Description of the picture:
Pond with water lilies – Claude Monet. Oil on Canvas, 90.5 x 89.7 cm
This is a work in style ""impressionism"" refers to the late work of the artist. In 1883, Claude Monet acquired a house in the town of Giverny in Northern Normandy. Having bought a neighboring piece of land, the artist created in his place a picturesque garden with flowers, exotic trees, a pond with water lilies and a Japanese-style bridge. In this shady mysterious corner, Monet wrote a series of paintings with water lilies for 30 years.
Thanks to the successful exhibition of Monet’s works, organized by the patron of the Impressionists Paul Durant-Ruel in Paris in 1909, the artist’s paintings from this series quickly sold out. Including Americans, who showed great interest in the Impressionists.
Claude Monet preferred to draw from life, tracking the play of sunlight on the smooth surface of the pond. He could write the same look in different weather and time conditions, tracking the emotional reaction to nature. Therefore, he often worked on several subjects at once. So, he has a whole series of paintings with a pond and a Japanese bridge, written in a different manner.
Monet applied large strokes to the canvas. He used clean paints, mixing them on the canvas.
The picture is painted in blue and green and makes a pacifying impression. This palette is diluted with white-pink blotches of water lilies on the water. The picture is built on the contrast of light and shadow. The artist uses many shades of green, blue, yellow.
In the foreground we see the overgrown expanse of the pond. The sedge and trees that grow on the shore are reflected in the water. They are visible in the background. An elegant Hokusai-style bridge visually divides the canvas into two parts. At its bottom, a reflex from water is reflected. He is in the shade, and lit by the sun at the same time. The bridge recalls the presence of man in this idyllic picture. I want to walk along it, stand in the middle and enjoy the view.
The water surface creates a perspective, diverting the look to the background. Thick trees create the depth there. Also, the pond and thickets of water lilies give a horizontal feeling, which repeats the arc of the bridge. And trees with grass push space upwards with their vertical lines. This contrast is repeated in the reflection on the water – between large blocks of horizontal water lilies, the artist writes with small vertical strokes the reflection of trees and grass in the water. Thanks to this technique, the picture feels spacious, and there is a feeling of air, despite its small size.

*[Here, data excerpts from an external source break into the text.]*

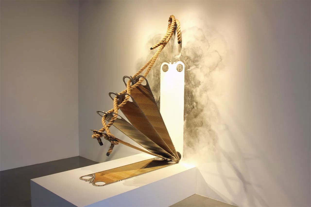 Much more abstract is another installation, “Bound,” a series of flat metal sheets that had originally been stamped to make radiator parts but were then scrapped. The sheets are suspended in a bellows-like sequence, held together by the kind of heavy rope you’d use to tie a boat. The form suggests a machine, implying movement, but the rope establishes that the contraption is static. The imagery is clear: The exploited laborer, an indentured servant in the context of this show, is bound to the job. Combined with “Purity test,” “Bound” suggests how dirty the plantation’s field hands would get in the normal course of their work.
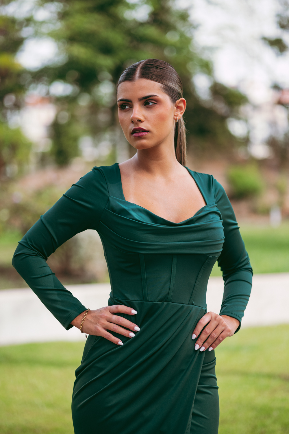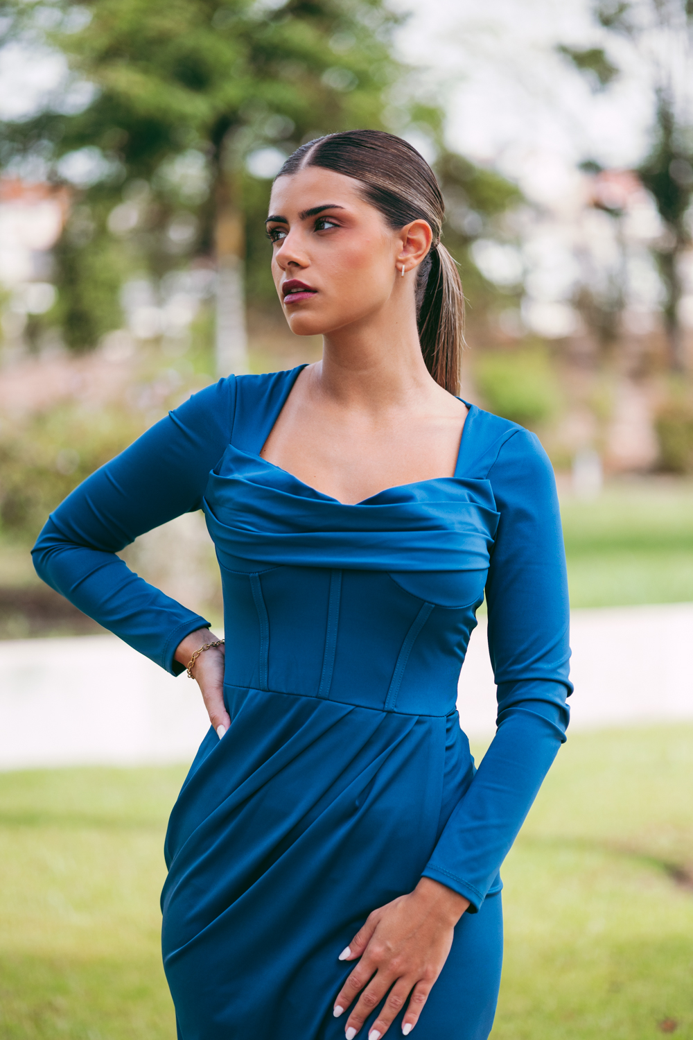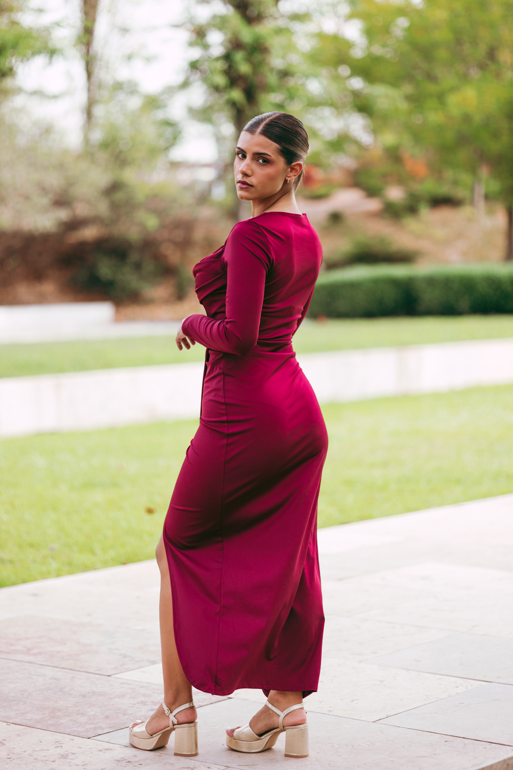 Vestido comprido, com copas, decote drapeado e racha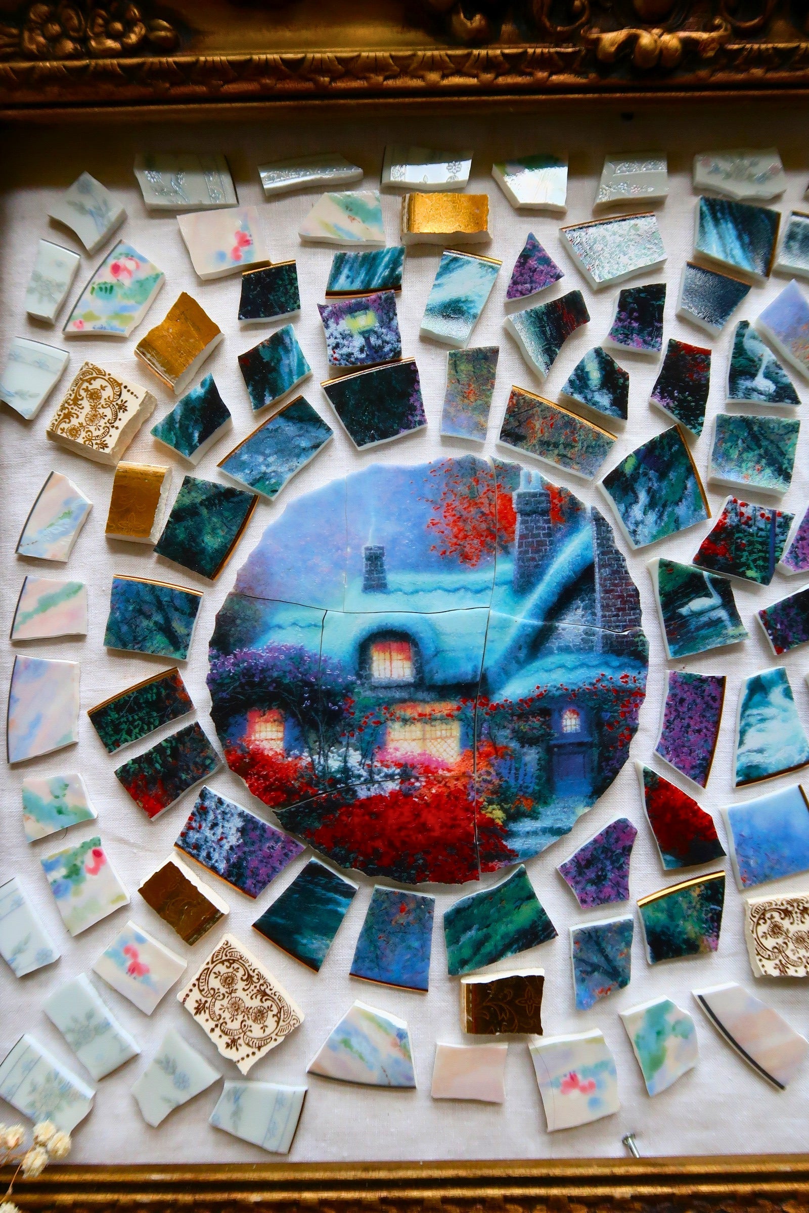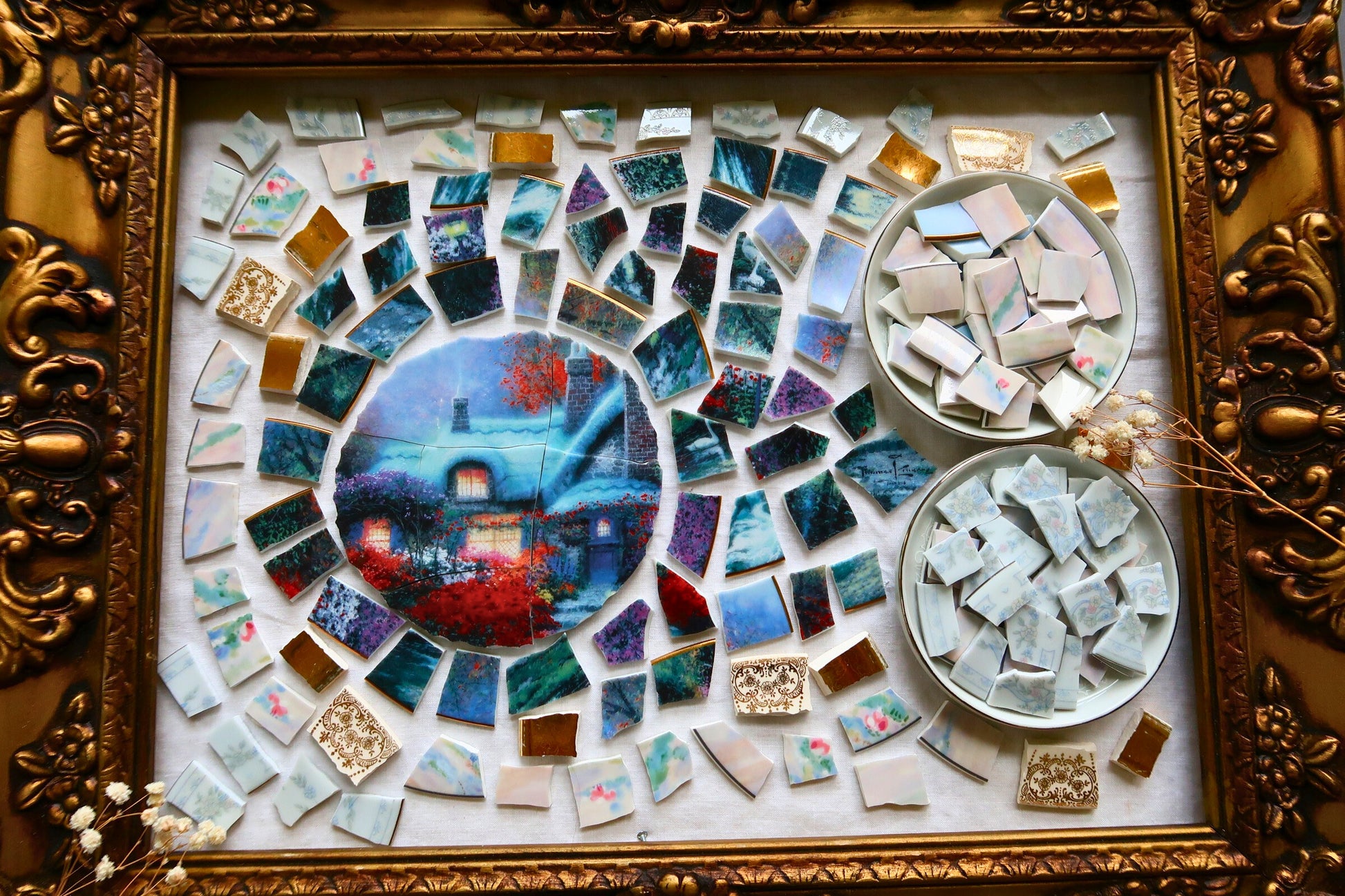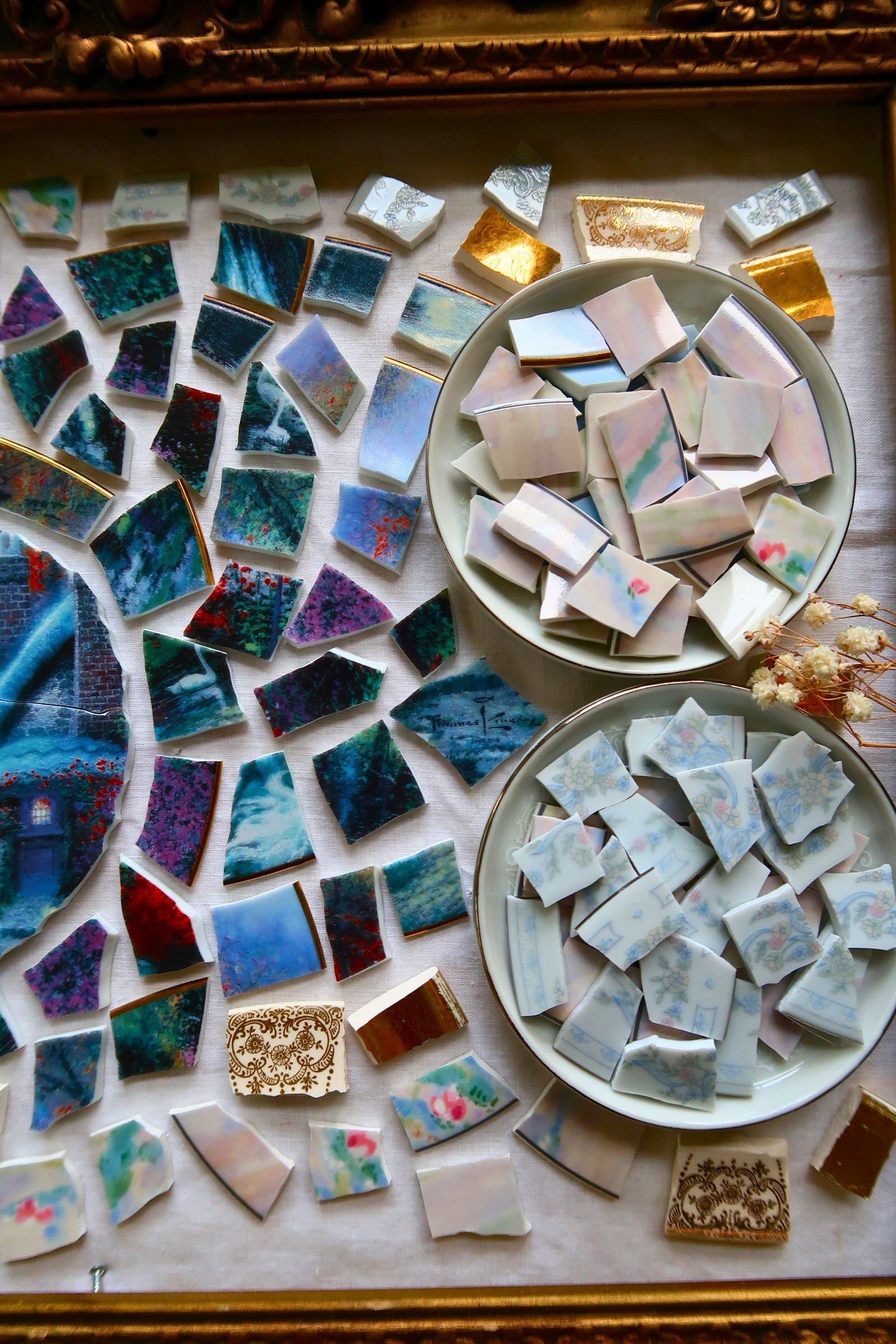 - A hand-selected assortment of broken china Poetic Mosaic tiles

Numerous water lilies are depicted in white, pink, and blue strokes. They bring a sense of life to the picture. The artist managed to convey a sense of peace and silence. Looking at the canvas, you hear birds chirping and buzzing bugs. Feel the light breeze and the warmth of the sun. The picture leaves the effect of full presence. The world in the absence of man lives his fulfilled life.
This painting is stored in the Art Museum of Princeton University. Her museum was donated by the heirs of the long-time trustee of the school, William Church Osborne in 1972."